— Для проформы обычный вопрос: куда бы вы хотели? Вакансий в частях много, особенно в тех, которые ведут боевые действия — в дивизиях, полках, батальонах, потому что несем потери. Каждый день в донесениях: того политработника ранило, того убило. Туда, на передовую, не предлагаю. Одну минуту. — Капитан достал из кожаной полевой сумки потрепанную тетрадку, полистал: — Вот. Баннопрачечная команда армии. Оттуда убираем замполита, одного старшего лейтенанта. Проштрафился. Ведет себя как петух в курятнике. Нет, чтоб с одной. Ухлестывает за тремя одновременно. Решено уже — в пехоту перебрасываем. Ухажёра этого. Лучше не придумаешь — вы на его место. Там — сплошь женский персонал, ну, два-три старика солдата. С ними, с девушками-то, непросто. Война войной, а любовь крутить… Морока. Как взбесились за последнее время. Я анализировал причины: видят, чуют, что вот-вот победа, ну и плетут сети — домой-то охота с мужем-героем вернуться. Одна что удумала — самовольно сбежала в стрелковую роту со старшиной. Разброд, шатания. — «Ты, доложу я, красивая — репеек».
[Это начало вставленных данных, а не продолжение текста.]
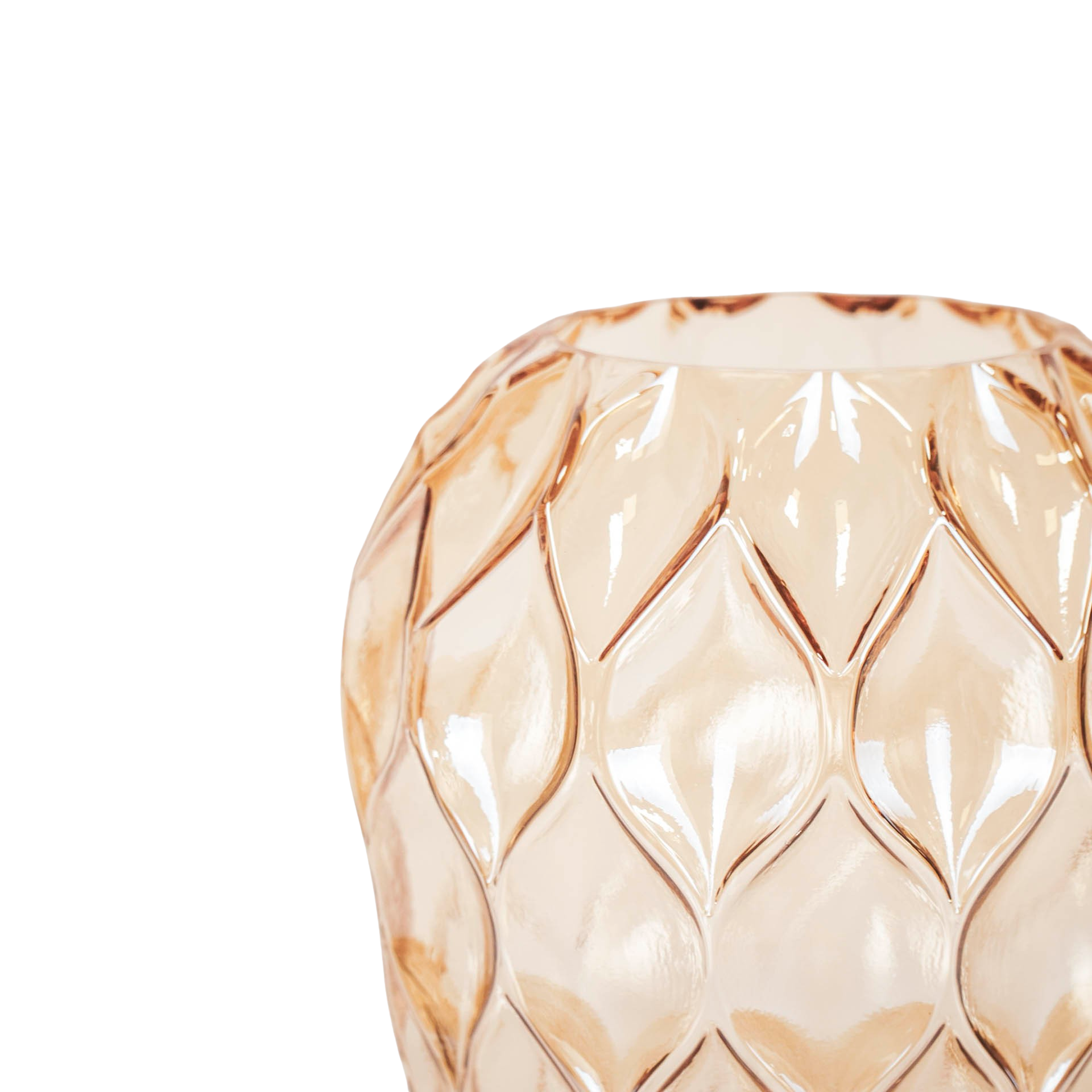 Stunning large glass vase in an apricot \ amber colour. The textured design of the glass, along with the delicate colour makes this vase a real show stopper!

— У меня другие обстоятельства.
— Интересно, какие? — И, не ожидая ответа, пошел жестче. «С такими иначе нельзя»: — Забудьте гражданские замашки. Вас направили в распоряжение нашего политотдела. Куда мы вас назначим, это уж предоставьте нам знать. — «Тебе же некогда, а ты разводишь с ней тары-бары». — Не в пехоту же, не в окопы! В первом бою убьют.
— Прошу направить в триста четвертую стрелковую дивизию, в двести сорок седьмой пехотный полк, в батальон, в котором воевал мой муж замполит лейтенант Сидоров. Я приехала его заменить, он погиб недавно в Бессарабии, в конце августа. Я ему обещала. Очень вас прошу. — «Неприятный, заскорузлый какой-то».
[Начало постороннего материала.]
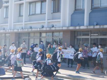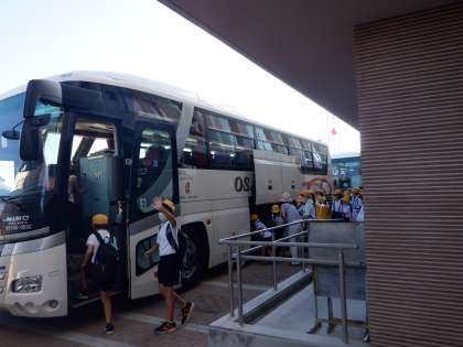 先生や保護者の方に見送られながら、バスに乗り込みます。

— Каждый просит о чем-нибудь. У всех какие-то обстоятельства. Без обстоятельств не бывает ни одного. И если бы мы шли на поводу личных желаний, что, сами посудите, получилось бы?
— У меня особые. Со мной сын-солдат, доброволец. Я — тоже. Сын хочет в батальон отца. Как ему отказать в этом? Юноша он еще, мальчик. Он будет у меня на глазах, под присмотром. — «Ну, чего меня мучаешь, чего из меня вытягиваешь?» — Со мной младший лейтенант Вилов, солдат Петухов — оба из того же батальона, знали замполита Сидорова, возвращаются из госпиталя. Неужели нельзя уважить просьбу — желание четверых, тем более что двое из них будут сыну поддержкой на первых порах, пока он не обвыкнет. Мы не требуем…
— Еще чего не хватало!
— …не претендуем на особые привилегии, не в тыл просимся — «Вот они, просящие, жалобные нотки в голосе. Перед кем? Перед этим «длинным носом»?»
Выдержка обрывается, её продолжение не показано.